The variety of fabrics used comes in the texture and pattern of the fabric. Crinkles (not too much or it looks like it hasn't been ironed), dimples, slubs (like shantung) and some printed patterns are acceptable in most groups. If an Amish woman can ride in a van all day shopping and get out looking fresh and unwrinkled, they have found a great fabric.
The weight of the fabric is important too. Nothing too heavy, nothing too sheer. It needs to flow and hang nicely. During the summer, many Amish women will make dresses in broadcloths much like the men's shirts. They are lightweight, breathe easier than polyester and still don't wrinkle much.
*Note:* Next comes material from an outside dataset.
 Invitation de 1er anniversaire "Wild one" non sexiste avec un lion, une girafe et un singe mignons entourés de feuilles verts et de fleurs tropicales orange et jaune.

What drive changes in Amish women's fashions? To some degree it is the availability of dress fabrics through their stores. Teenage girls often drive the changes and introduce new fabrics. One of the local young women will pick out a new fabric at a store and make herself a dress. Her friends will want to have one like it and the new fad is on. A typical local store will go through bolts and bolts of a new fabric line or even a single color of a new fabric, driven mostly by the younger women.
Eventually, the mothers of the young girls will pick up on the fabric and a full blown rush is on. While fashions change sometimes in the English world every season and every year, a popular fabric will last 3-5 years or more in an Amish community. Part of what determines the end of the run is the availability of the fabric in the wholesale marketplace. One of the struggles for the older Amish women is to find fabrics they have grown used to over the years. Many of them are no longer made because of the changing marketplace.
Amish women never cut their hair, typically wearing it in a braid or bun on the back of the head concealed with a small white cap called a covering. Coverings vary widely depending on the group they belong to. The variations come in the size of covering, the strings and how they are worn and the number of folds or creases in the back. An Amish woman would never be seen outside her home without her covering. When going to town or church they typically wear a stiff black bonnet over their covering.